#### Records for this task ####

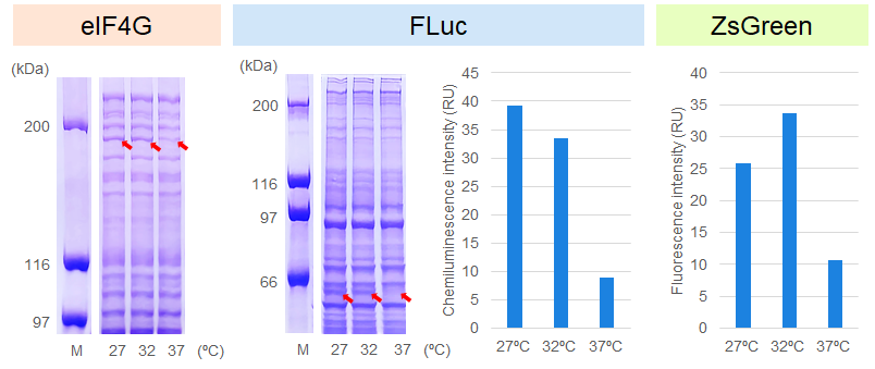 | ·向Human Cell-Free Protein Expression Master Mix for mRNA无细胞表达系统中,分别添加3种蛋白质对应的加帽mRNA*。对应表达三种蛋白质:elF4G,FLuc和ZsGreen。(elF4G: 170 kDa, FLuc: 61 kDa, ZsGreen: 26 kDa) ·在27℃、32℃及37℃下孵育3小时。 结果显示,蛋白质表达量最大对应的温度分别为:eIF4G在27℃和32℃,FLuc在27℃,ZsGreen在32℃。这表明,在该无细胞表达系统中,最佳反应温度因蛋白质而异。 |
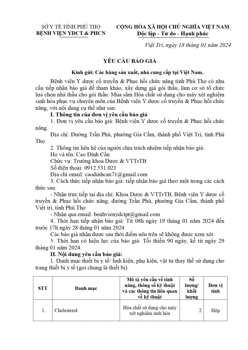 YỀU CẦU BÁO GIÁ HÓA CHẤT SINH HÓA
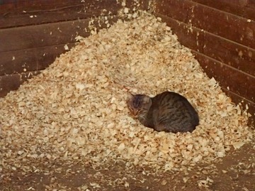 Finn decides it’s a good day to stay in bed (in this case, “bed” is a pile of wood chips in Iris’s stall). 😺
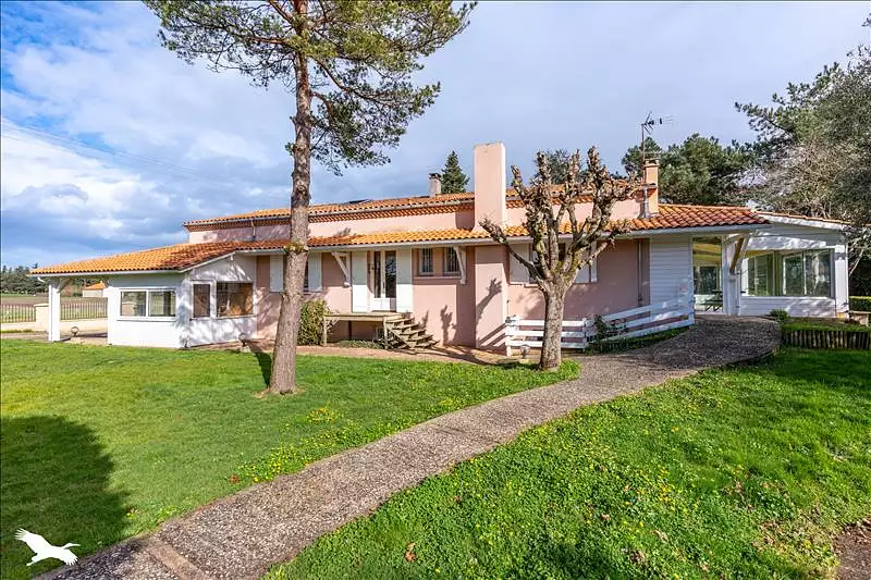 Spacieuse maison familiale dotée d’une véranda, d’un large séjour avec cuisine équipée, de 4 chambres et d'une suite. Sous-sol avec garage. Grand parc arboré comprenant fruitiers et puits, offrant un cadre de campagne paisible. Située à 5 minutes des commodités, cette propriété allie volume, confort et charme.
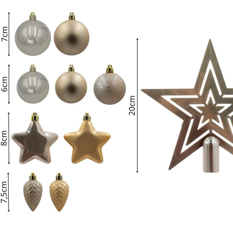 - W zestawie: - czubek gwiazda - 1szt, bombka/szyszka - 5szt/7,5cm, bombka o średnicy 6cm- 17szt., bombka o średnicy 8cm - 8szt., bombka o średnicy 7 cm - 9 szt., bombka gwiazdka o średnicy 8 cm -8szt.
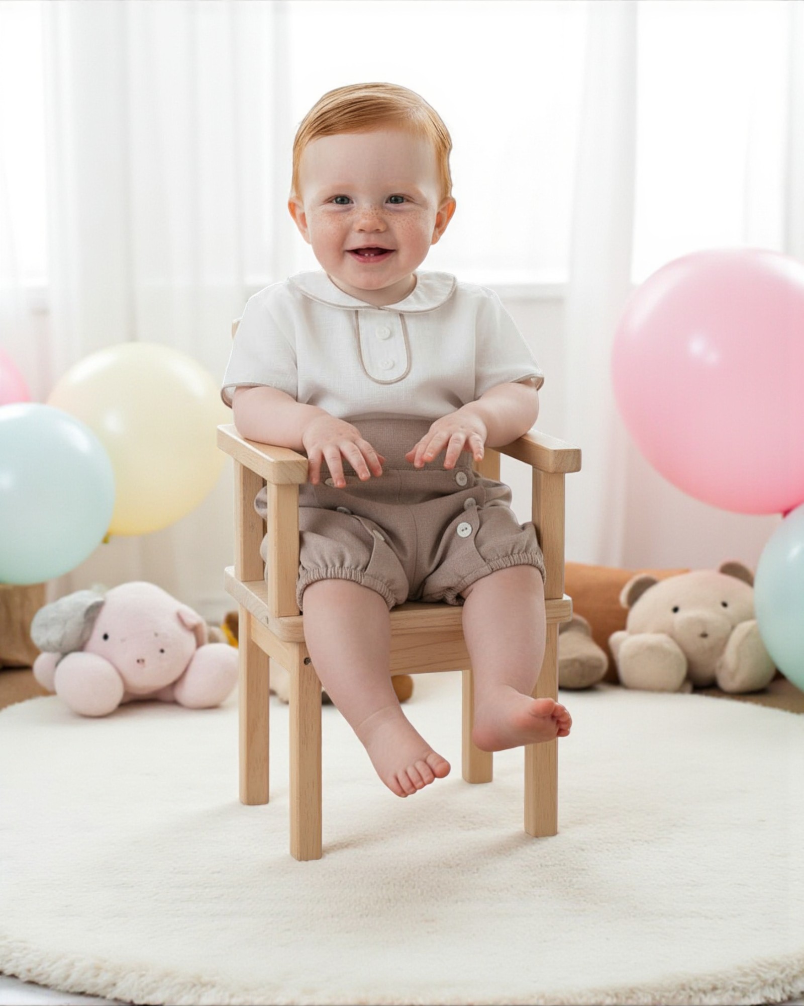 La camisa presenta cuello bebé con vivo a contraste, cierre trasero con botones nacarados y pechera adornada en armonía con el pantalón. El bombacho, además de forrado, incorpora ojales que permiten unirlo a la camisa, manteniendo el conjunto siempre colocado y favorecedor. La cintura elástica y el tejido ligero garantizan que el bebé esté cómodo desde el primer abrazo hasta la última foto del día.
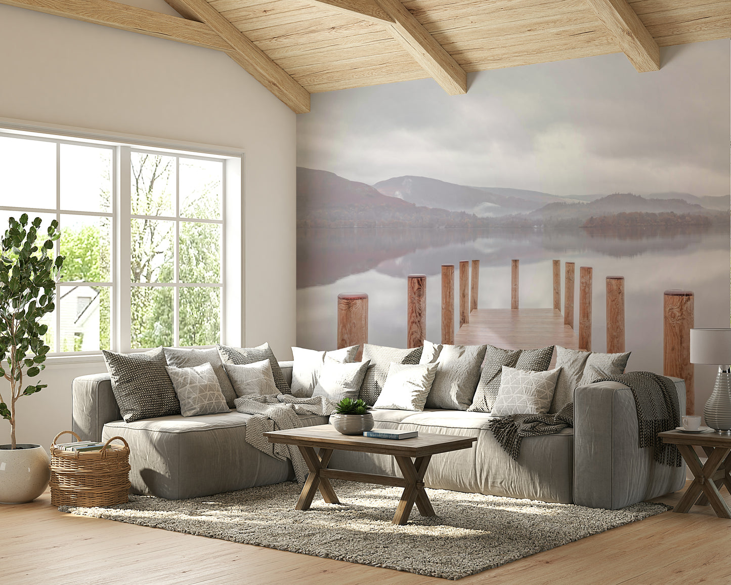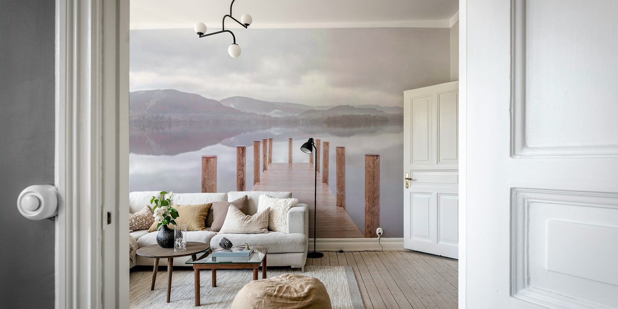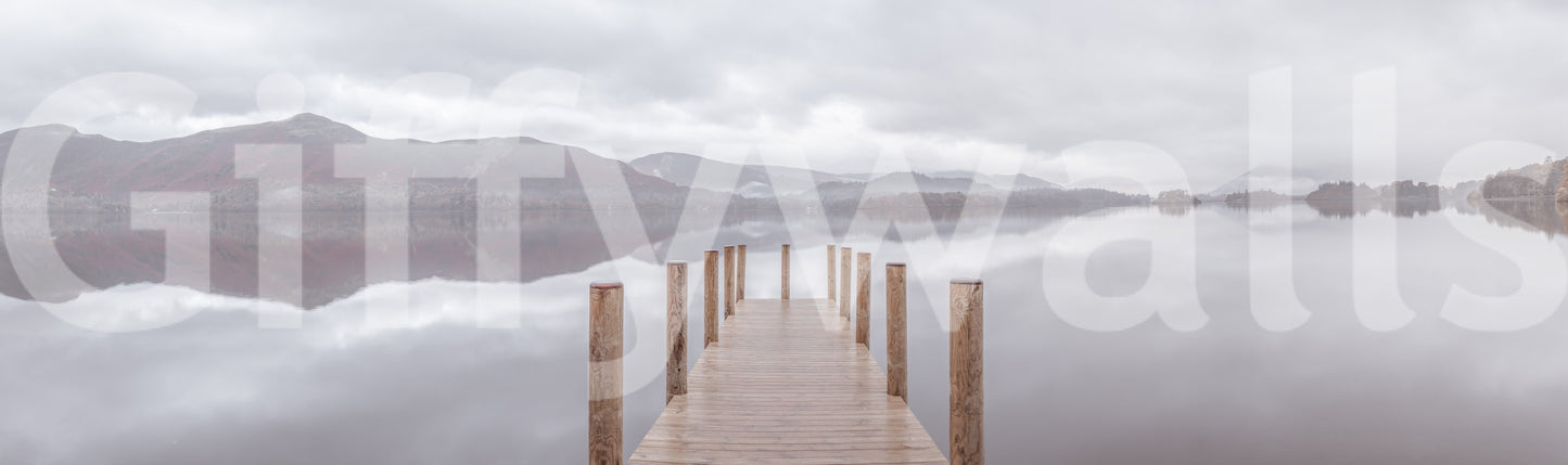 Wooden pier on the lake. Bring a peaceful touch to your home with this scenic landscape. Soft colors and a still lake create a calming mood. Wood posts lead the eye to distant hills, mirroring in the tranquil water. The muted palette makes this wallpaper for walls ideal for bedrooms, living rooms, or any space where relaxation is key. The subtle design of this wallpaper for walls complements minimalist interiors, adding depth without overwhelming the room.
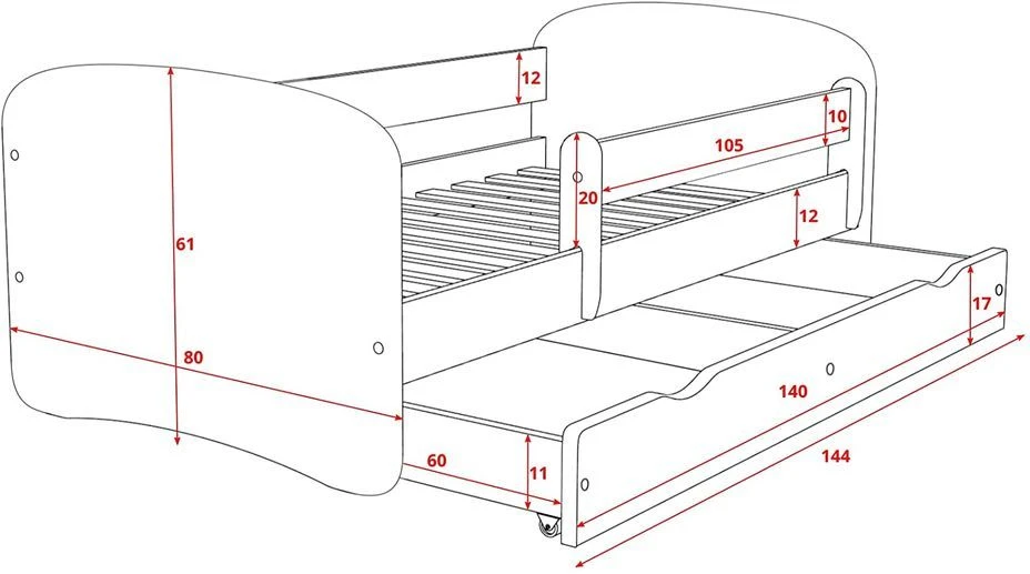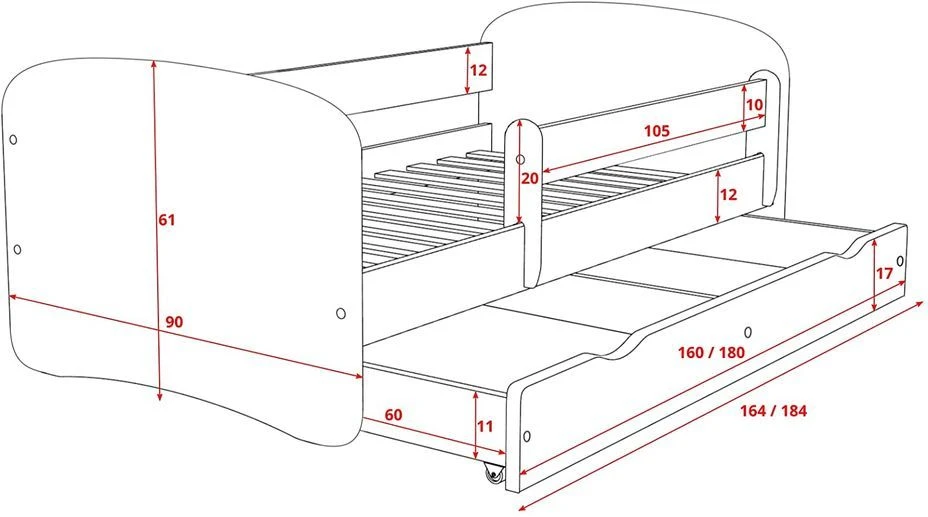 Tiroir de rangement : en option ne peut pas accueillir de matelas
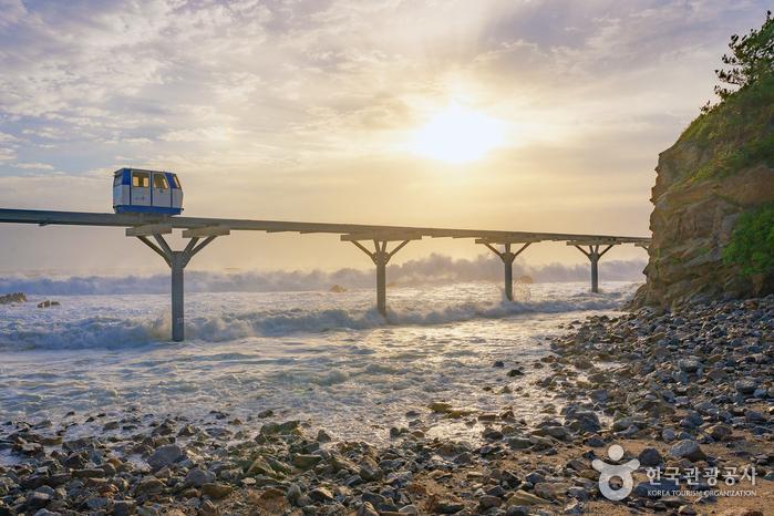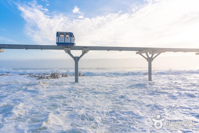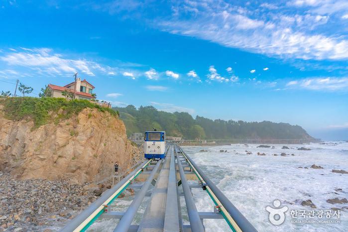 바다 위 레일을 따라 달리는 죽변해안스카이레일
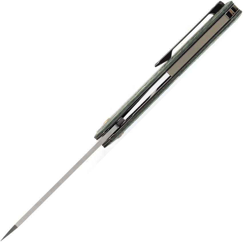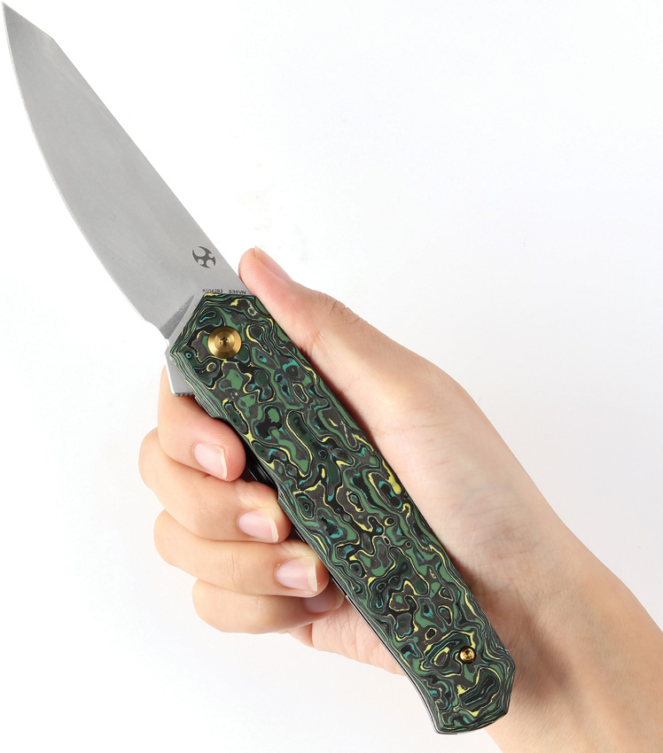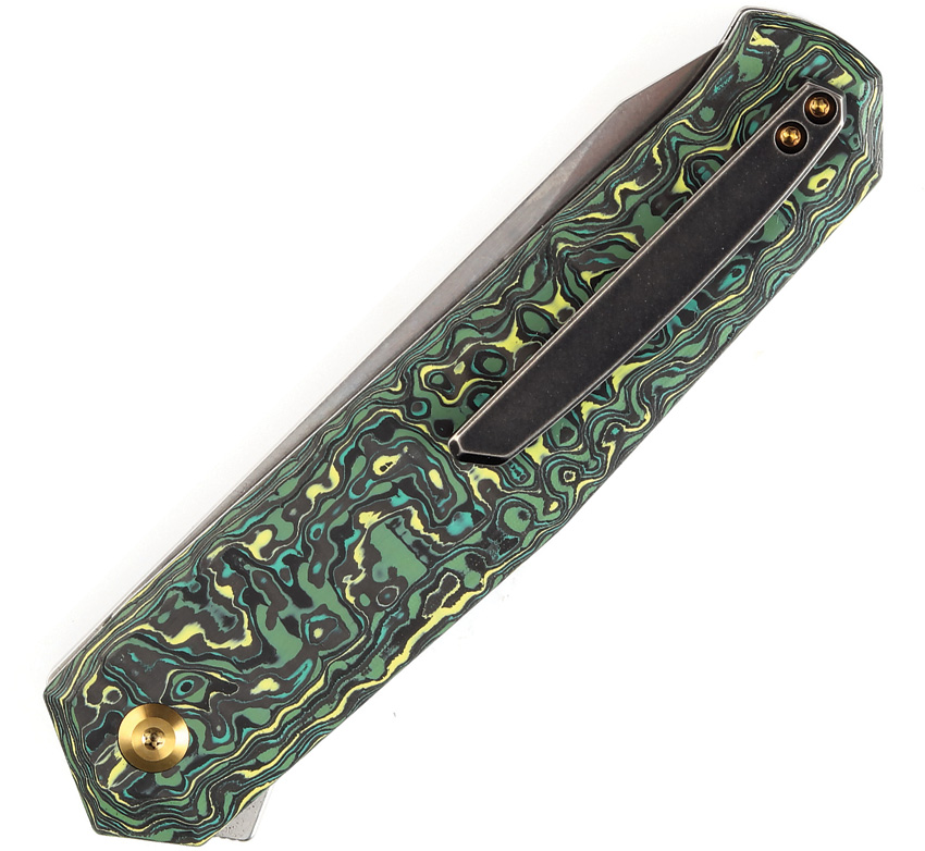 4.88″ (12.4cm) closed. 3.75″ (9.53cm) stonewash finish S35VN stainless blade. Green and yellow carbon fiber handle. Extended tang. Pocket clip. Black nylon pouch. Boxed.

####

* What the exercise asks
An exact copy is needed of the stretch above that opens with the line containing "Finn decides it’s" and closes with the line containing "바다 위 레일을 따라 달리는 죽변해안스카이레일"; the pictures are not part of it.

* Task result
 Finn decides it’s a good day to stay in bed (in this case, “bed” is a pile of wood chips in Iris’s stall). 😺
 Spacieuse maison familiale dotée d’une véranda, d’un large séjour avec cuisine équipée, de 4 chambres et d'une suite. Sous-sol avec garage. Grand parc arboré comprenant fruitiers et puits, offrant un cadre de campagne paisible. Située à 5 minutes des commodités, cette propriété allie volume, confort et charme.
 - W zestawie: - czubek gwiazda - 1szt, bombka/szyszka - 5szt/7,5cm, bombka o średnicy 6cm- 17szt., bombka o średnicy 8cm - 8szt., bombka o średnicy 7 cm - 9 szt., bombka gwiazdka o średnicy 8 cm -8szt.
 La camisa presenta cuello bebé con vivo a contraste, cierre trasero con botones nacarados y pechera adornada en armonía con el pantalón. El bombacho, además de forrado, incorpora ojales que permiten unirlo a la camisa, manteniendo el conjunto siempre colocado y favorecedor. La cintura elástica y el tejido ligero garantizan que el bebé esté cómodo desde el primer abrazo hasta la última foto del día.
 Wooden pier on the lake. Bring a peaceful touch to your home with this scenic landscape. Soft colors and a still lake create a calming mood. Wood posts lead the eye to distant hills, mirroring in the tranquil water. The muted palette makes this wallpaper for walls ideal for bedrooms, living rooms, or any space where relaxation is key. The subtle design of this wallpaper for walls complements minimalist interiors, adding depth without overwhelming the room.
 Tiroir de rangement : en option ne peut pas accueillir de matelas
 바다 위 레일을 따라 달리는 죽변해안스카이레일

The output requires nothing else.